== WHAT YOU HAVE TO DO ==
Exactly as they appear below, repeat the lines from the one with "Подарите радость и" through the one with "Санкт-Петербургский монетный двор.". Drop every picture.

== DATA TO EXAMINE ==
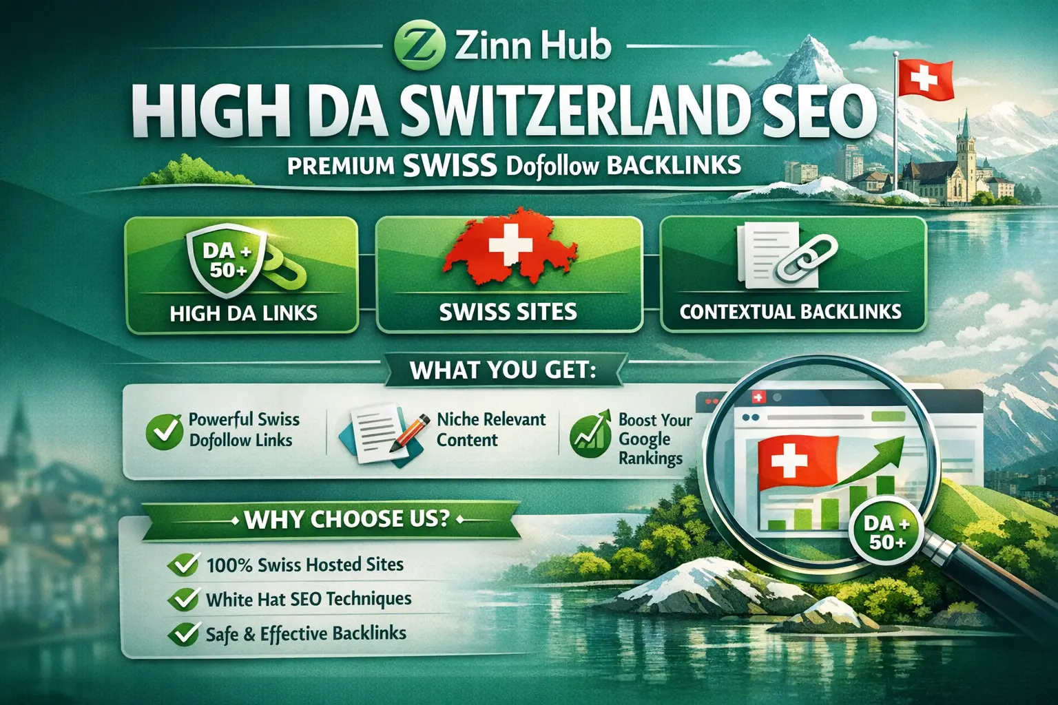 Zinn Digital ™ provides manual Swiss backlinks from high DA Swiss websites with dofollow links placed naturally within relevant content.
* * *
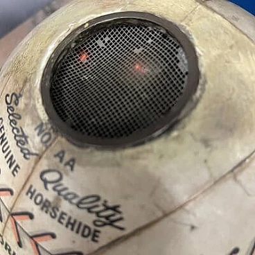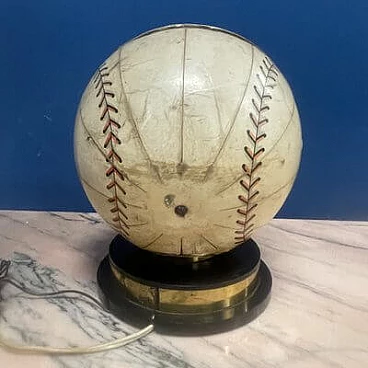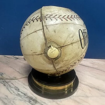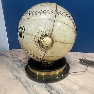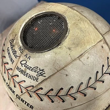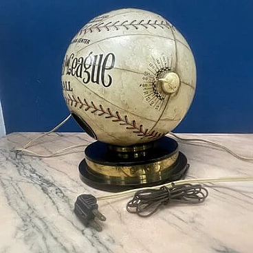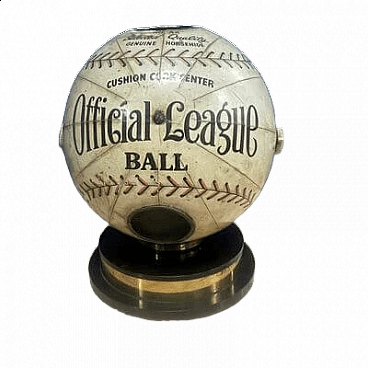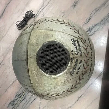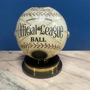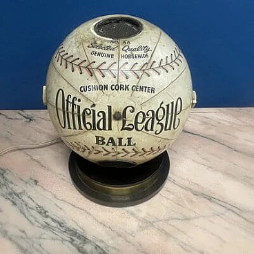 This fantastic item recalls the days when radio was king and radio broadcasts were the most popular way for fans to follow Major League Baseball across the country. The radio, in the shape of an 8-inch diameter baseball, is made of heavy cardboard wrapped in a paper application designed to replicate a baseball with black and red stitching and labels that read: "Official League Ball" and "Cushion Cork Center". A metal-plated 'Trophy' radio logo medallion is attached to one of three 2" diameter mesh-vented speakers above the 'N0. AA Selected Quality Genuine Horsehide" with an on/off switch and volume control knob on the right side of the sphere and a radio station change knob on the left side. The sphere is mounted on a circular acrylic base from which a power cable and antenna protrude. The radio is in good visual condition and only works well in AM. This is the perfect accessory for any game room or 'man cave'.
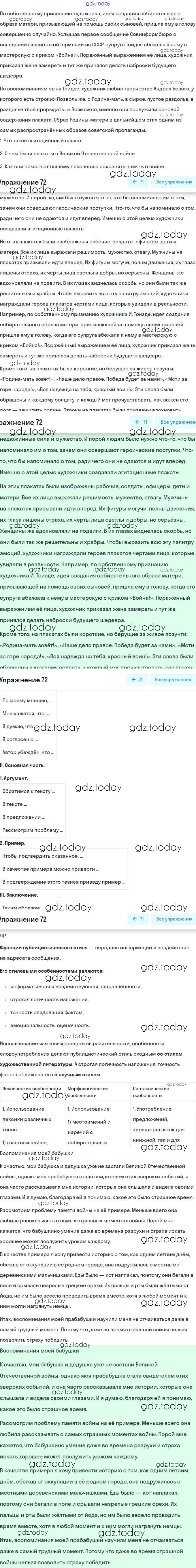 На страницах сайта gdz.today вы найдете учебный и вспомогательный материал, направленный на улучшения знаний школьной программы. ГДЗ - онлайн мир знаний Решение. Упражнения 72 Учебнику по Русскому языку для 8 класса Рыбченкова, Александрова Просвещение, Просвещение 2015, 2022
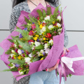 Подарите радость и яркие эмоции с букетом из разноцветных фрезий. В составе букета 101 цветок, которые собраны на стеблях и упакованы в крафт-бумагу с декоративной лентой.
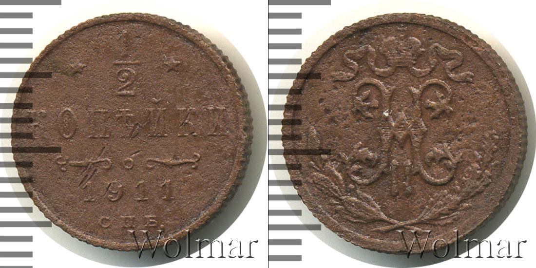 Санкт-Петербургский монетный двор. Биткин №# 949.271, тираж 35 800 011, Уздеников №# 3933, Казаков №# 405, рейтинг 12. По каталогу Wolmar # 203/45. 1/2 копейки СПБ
* * *
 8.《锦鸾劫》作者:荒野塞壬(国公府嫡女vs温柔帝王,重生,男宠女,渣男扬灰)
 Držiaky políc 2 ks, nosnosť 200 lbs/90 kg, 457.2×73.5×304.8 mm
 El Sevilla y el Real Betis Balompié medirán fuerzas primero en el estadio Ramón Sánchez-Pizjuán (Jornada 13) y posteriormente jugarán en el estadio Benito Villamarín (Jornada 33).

== TASK SOLUTION ==
 Подарите радость и яркие эмоции с букетом из разноцветных фрезий. В составе букета 101 цветок, которые собраны на стеблях и упакованы в крафт-бумагу с декоративной лентой.
 Санкт-Петербургский монетный двор. Биткин №# 949.271, тираж 35 800 011, Уздеников №# 3933, Казаков №# 405, рейтинг 12. По каталогу Wolmar # 203/45. 1/2 копейки СПБ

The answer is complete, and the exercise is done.